Ahora entiendo que ese espectáculo, tan antiguo como humano, nos decía más de la vida de lo que podíamos intuir. Para aquella gente, el circo era un trabajo, pero también una forma de entender la existencia. Puedes buscar durante décadas un lugar al que sentirte unido y nunca encontrarlo y, sin embargo, aquellos vagabundos deambulaban de una ciudad a otra, sin más ataduras que el rumbo dictado por la siguiente función del espectáculo y eran felices.
Uno no puede dejar de pensar en los payasos y los maestros de ceremonia, en los imponentes forzudos, en los trapecistas y equilibristas. Al recordarlos a todos ellos pierdo la cuenta de las veces que me alzado en medio de una pista, poéticamente hablando, pidiendo la atención y el aplauso de quién me atendiera, como también me he defendido con la fuerza del gesto o de la palabra para ser respetado pero también para ocultar mis vacilaciones y dudas.
Y aún hoy, te descubres caminando sobre la cuerda floja, manteniendo un equilibrio precario, entre las obligaciones y las devociones, que parece imposible. Y entre una plataforma y otra, una voz continúa susurrándome al oído que no me detenga ni mire atrás porque no hay red para según que caídas.

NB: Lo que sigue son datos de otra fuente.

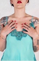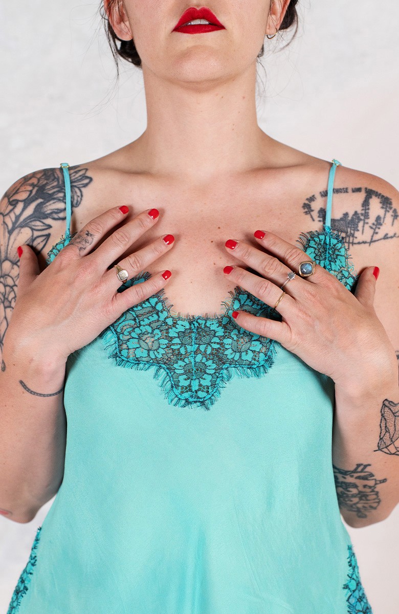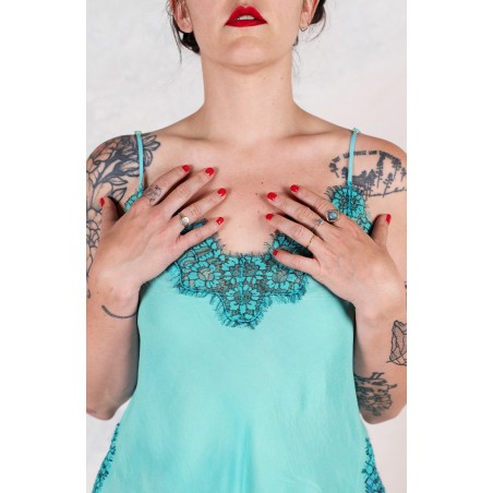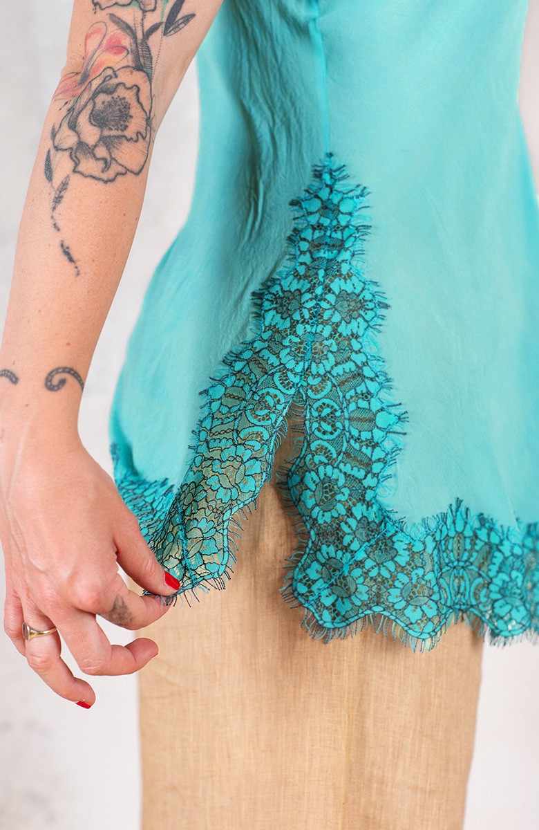Si chiama sottoveste, eppure la indossi come una t-shirt. È sartoriale, eppure la indossi come una t-shirt. Della sottoveste ha le spalline sottili e regolabili, il pizzo posizionato in impeccabile simmetria lungo lo scollo, il fondo e gli spacchi laterali. Prezioso e completamente incrostato. L’incrosto è una lenta tecnica sartoriale grazie alla quale di 2 tessuti ne viene realizzato un terzo: il pizzo non viene banalmente applicato, ma è come se fosse innestato nel tessuto. Tra il pizzo e il tessuto esiste solo lo spessore minimale della cucitura. È tagliata in sbieco per poter scivolare sulle forme, senza segnarle, è rifinita con i punti a mano. Della t-shirt ha la versatilità, la comodità, la facilità. Lei sarà la tua complice prediletta per essere tutte le mille te che sono in te. La riceverai dentro il sacchettino di organza nel suo stesso colore.

Sin embargo, de toda esa entrañable tribu, el personaje que más idolatraba era el mago. Si era posible adivinar una carta tras otra, o esconder y hacer aparecer las cosas a tu antojo, sería sencillo lograr cualquier meta que te propusieras. Si existiera ese poder quizás hubiera sabido corregir los errores de mi vida, o anticiparlos, pero el destino tiene su propias reglas, como la ilusión sobre la que se construye la magia. El gran truco es no hay trampa que valga, que esas normas no se pueden transgredir y que, en el fondo, para que podamos aprender a ser nosotros mismos y crecer, está bien que así sea.